Steampunk Spotlight: Cherie Priest’s Dreadnought
Dreadnought (Amazon, B&N)
Cherie Priest
Tor (400 pp., $14.99, 2010)
Reviewed by Andrew Zimmerman Jones
Cherie Priest returns to her “Clockwork Century” in full force in this third novel. In some ways, I would recommend that readers begin with Dreadought, even though it’s the third book in the series. Basically, the plot twist at the end of Dreadnought is the entire premise of Boneshaker, as I’ll explain later in the review. (Spoiler-ish alert!)
The book focuses on Mercy Lynch, a Confederate nurse whose husband has just died fighting for the Union. (Gotta love those border state romances!) She receives word from her father – who left her as a child – that he is dying, and he would like her to visit him in the Washington territory. That father is Jeremiah Swankhammer, who readers of Boneshaker will recognize as one of the key characters in that story.

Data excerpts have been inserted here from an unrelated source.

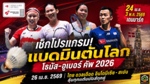 - เม ศุภนิดาตบเดือด! ไล่ถล่มบัลแกเรียขาดลอย พาสาวไทยพลิกนำศึกอูเบอร์ คัพ 2026
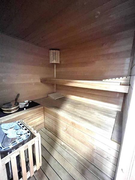 Möchte man die Sauna (für 2-4 Personen) benutzen, begibt man sich in den angrenzenden Flügel. Auch hier gibt es für Gäste ein großes Apartment welches an die ausgebaute Doppelgarage grenzt. Mit
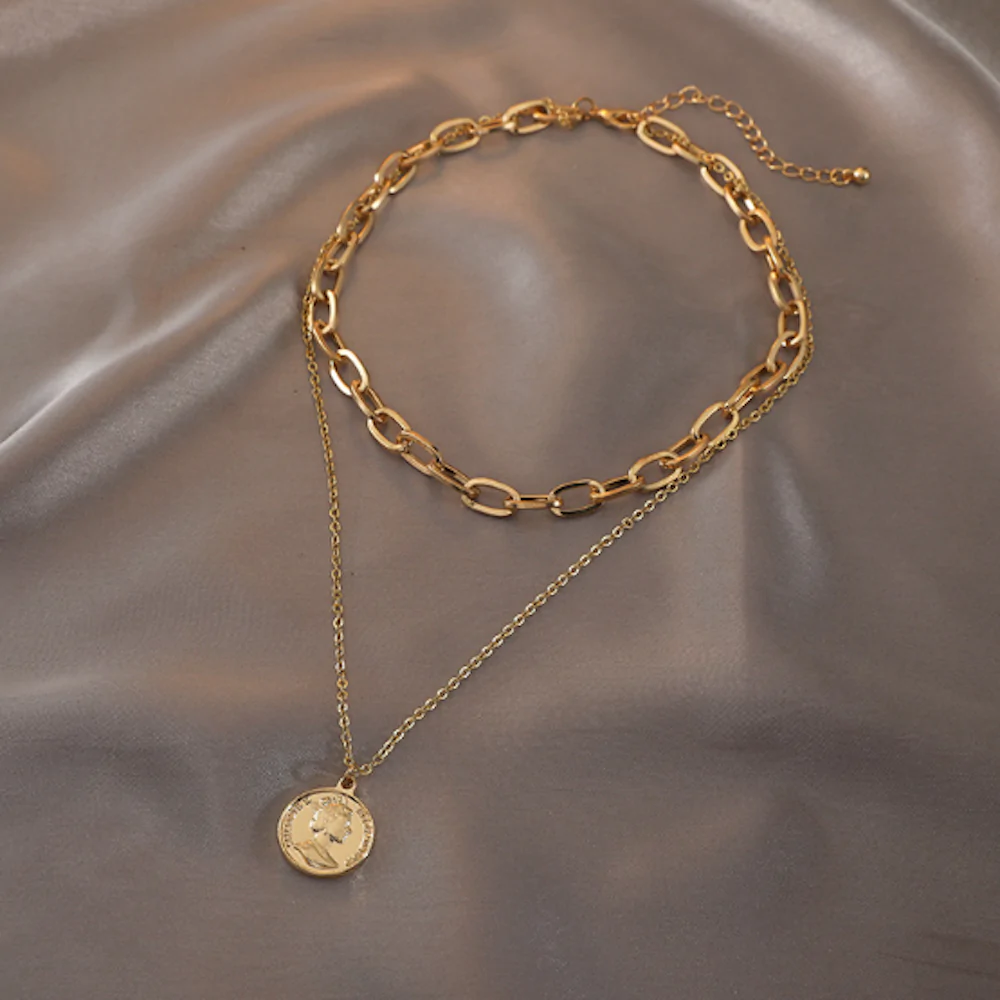 Introducing the Womens Layered Look Choker Necklace with Coin Pendant, a must-have accessory for every fashion-forward woman. This exquisite necklace combines elegance and modern style, making it the perfect addition to your jewelry collection. Crafted from high-quality alloy and finished in a stunning gold plating, this choker necklace is designed to stand out and complement any outfit.

With nothing really to keep her in Virginia, she sets off on a cross-country journey by airship and train to reach Tacoma and, ultimately, Seattle. Unfortunately, the only train that can get her from St. Louis to Tacoma is the Union steam engine Dreadnought, and the train is carrying some bizarre cargo … cargo which makes the train trip into a harrowing ride that brings Mercy and the other passengers into conflict with bushwackers, a mad scientist, and even zombies!